ウォーターボーイズ

2001/06/06 東宝第1試写室
落ちこぼれが集まる男子校の水泳部がシンクロに挑戦!
ラストの集団演技は鳥肌ものの迫力です。by K. Hattori

 『ひみつの花園』『アドレナリンドライブ』などの作品で一部に熱狂的なファンを持つ、矢口史靖監督の最新作。祖母の遺骨をなくした女子高生の残酷物語とか、駄目OLの宝探しとか、トランク一杯の札束を巡るドタバタコメディなど、今まではどちらかというと「奇妙な素材」で勝負していた矢口監督が、今回は正統派の学園青春スポーツ根性ドラマに挑戦。しかしモチーフになっているのは「男子シンクロ」だから、やっぱり変と言えば変かもしれない。廃部寸前の男子校水泳部に美人の女性教師が顧問となって、女っ気に飢えた野郎どもが水泳部に殺到。しかし彼女が本当にやりたかったのはシンクロナイズド・スイミングだった。大半の部員が去った後、残った部員たちは独力でシンクロに挑戦し、夏休み明けの文化祭に向けて練習に励む。最後はそんな部員たちの心意気に共感する生徒たちも練習に加わり、大きなプール全面を使っての華麗な集団演技……。素材は変わっていても、物語そのものはいたってストレートなのだ。

 水泳部に残ったのが、他の運動部からは見放されたような落ちこぼればかりで、運動能力にも問題があれば、個性豊かな顔ぶれ過ぎてチームワークにも難あり。チーム内での不和が生じたり、学校の協力も得られず、新生水泳部はやはり廃部になるのか。しかし「どうせあいつらは駄目だ」とバカにされたことに発憤した部員たちは、一念発起して練習に打ち込む。やがてそれが大きな成果を生み出す原動力になる。こうした物語の展開はスポーツ映画の定石だったりするわけで、この映画はそれをきれいになぞっている。ご丁寧なことに、主人公の恋愛話まで取って付けたように盛り込まれているのはご立派。しかし映画前半部の描き方は、必ずしもスマートではない。登場する役者たちの芝居が拙く、べたなギャグもお寒い感じがするし、時折見られる奇抜な展開も唐突すぎて付いていけないところがある。シンクロの言い出しっぺだったコーチがいきなり退場する理由も「なんじゃそりゃ!」だし、水泳部が突然財政難になる理由となる魚騒動もよく考えるとおかしいのです。なぜ文化祭の1ヶ月も前から釣り堀の用意してるの? なぜ水族館の飼育係が魚の業者も兼ねているわけ? これはへんだよ。

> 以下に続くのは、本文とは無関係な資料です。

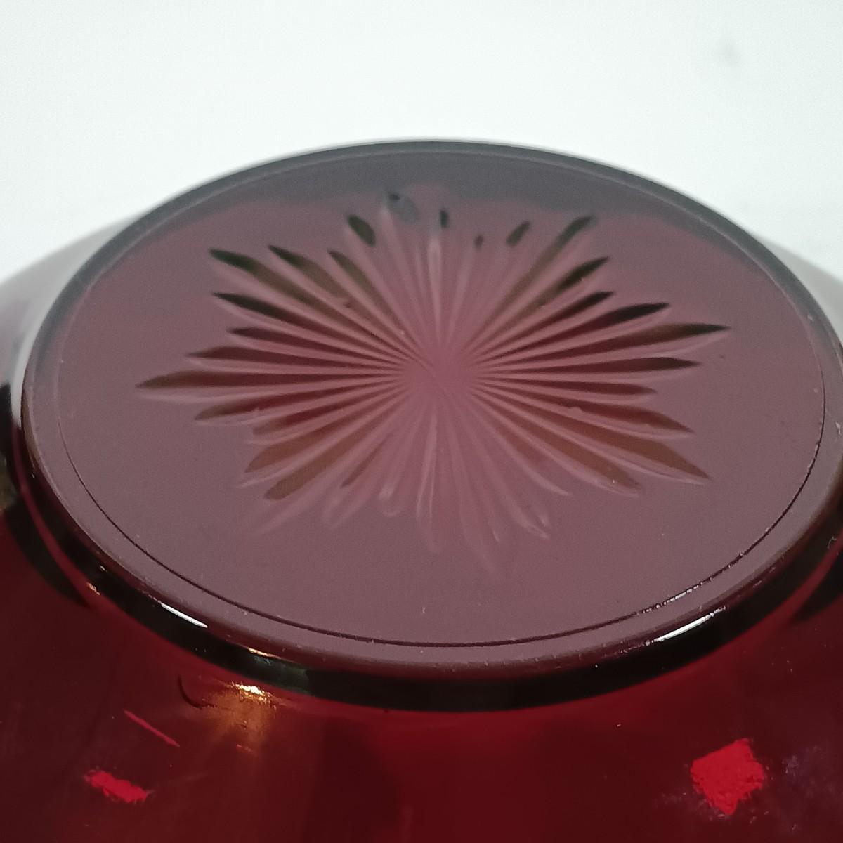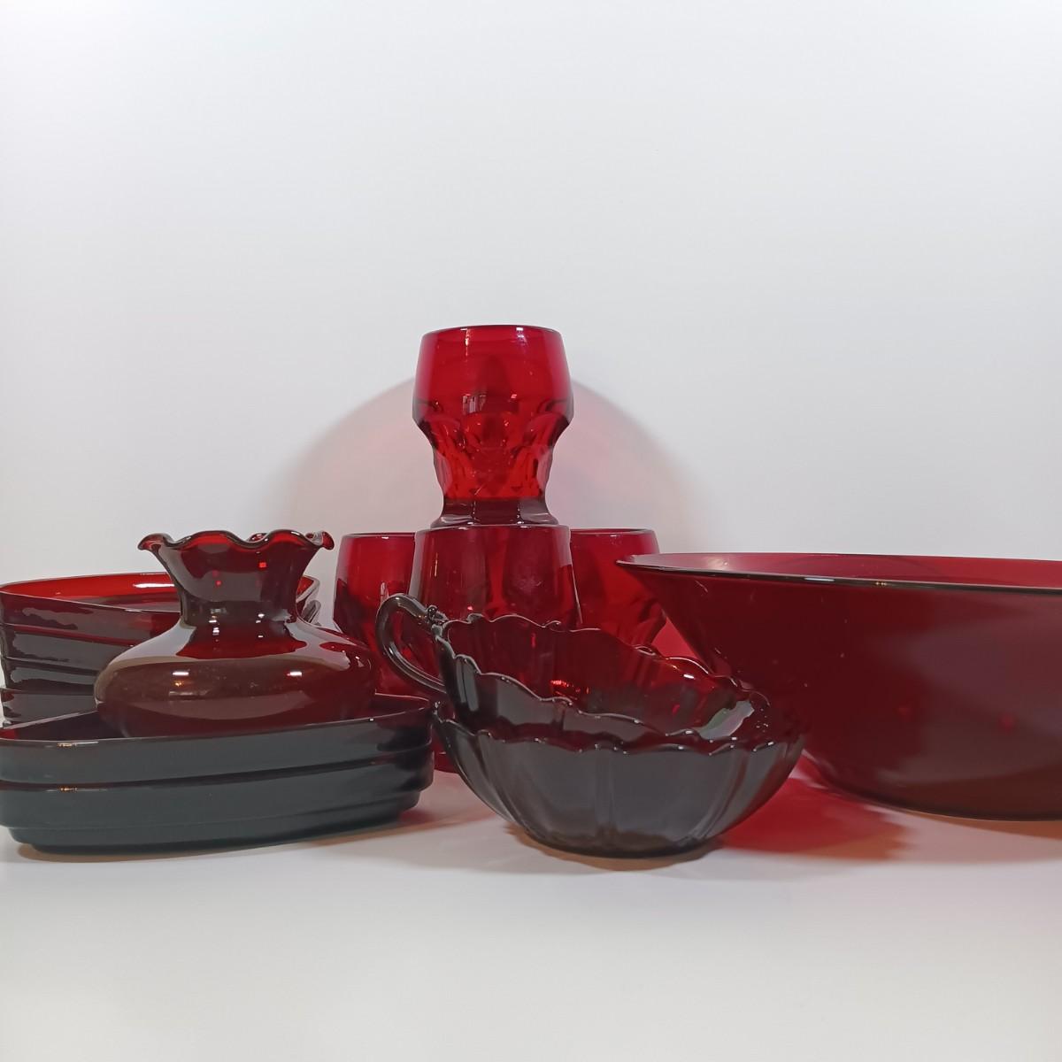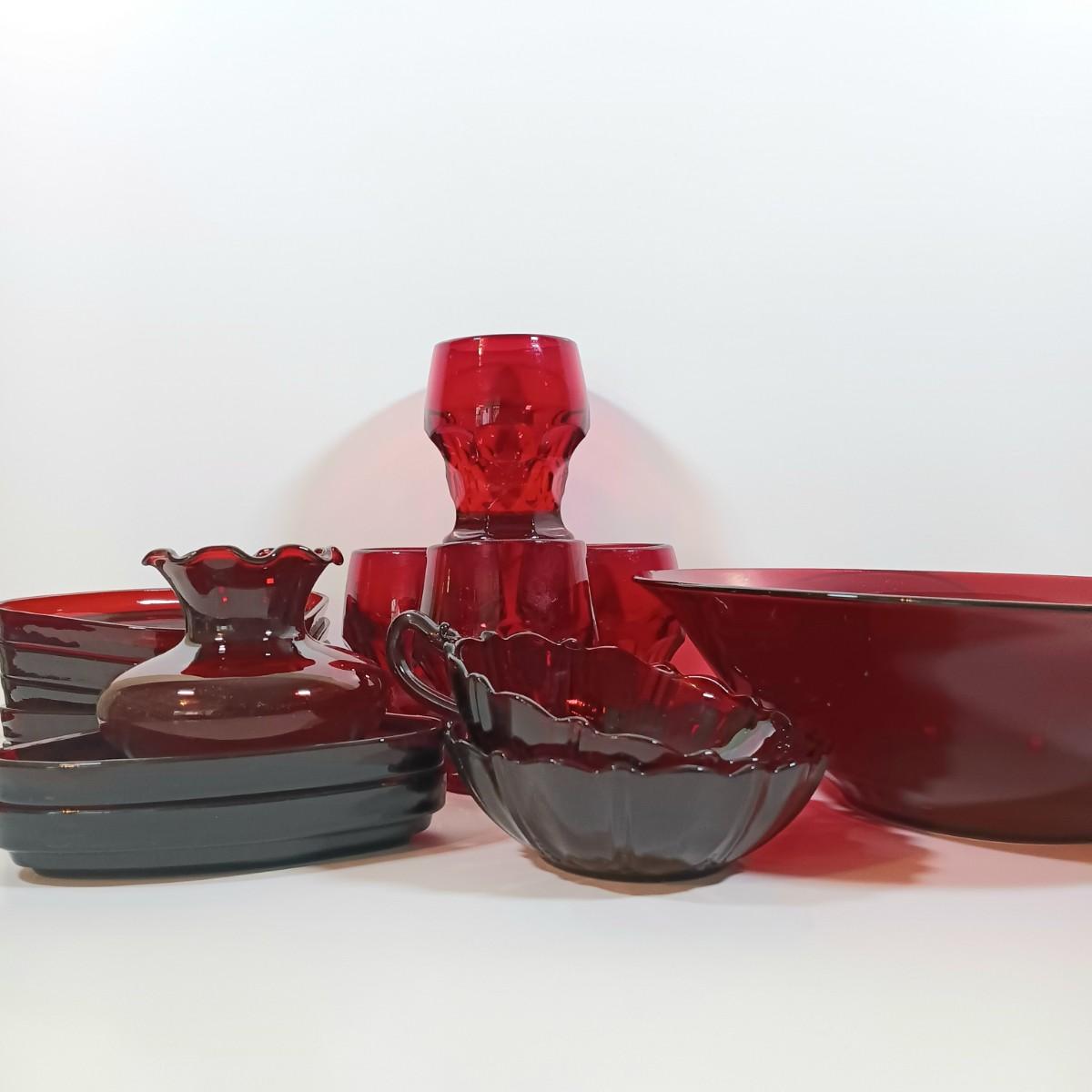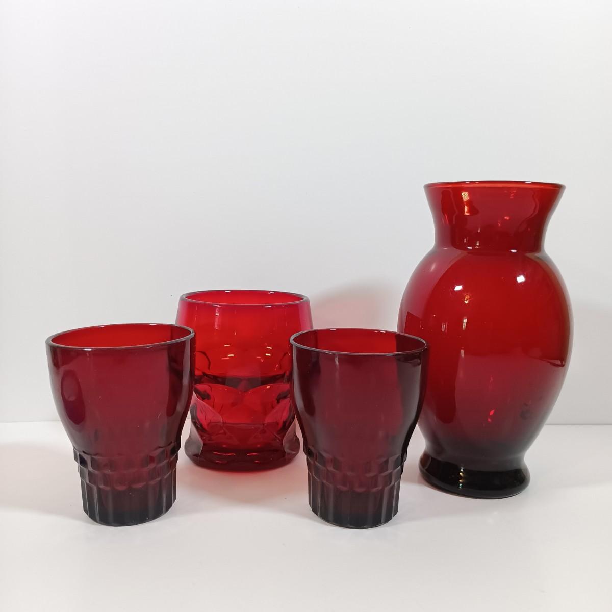 LOT 196: Ruby Red Glass Lazy Susan Inserts, Handled Serving Saucers, Bowl, Vases & Tumblers

 でもこの映画はこうした大小の欠点を、映画自体が持っている勢いと熱気でどんどん乗り越えてしまう。「この映画の中ではそういうことになってるんです!」という、まるで理由にならないような開き直りぶりがむしろ清々しいばかりです。あれこれ言い訳めいた脚本をひねくり回すより、「こういうギャグを考えてしまった」「こういう設定が面白いかも」という要素をとにかく押し込んで、それを強引に成立させてしまっている。

 圧巻はやはり文化祭での演技披露。これを観ちゃうと、もう細かいことはどうでもよくなる。このラスト10分のために、この映画はあるのです。「学園天国」がフィンガー5のオリジナル版だったことに感激しつつ、僕は大満足でこの映画を観終わることができました。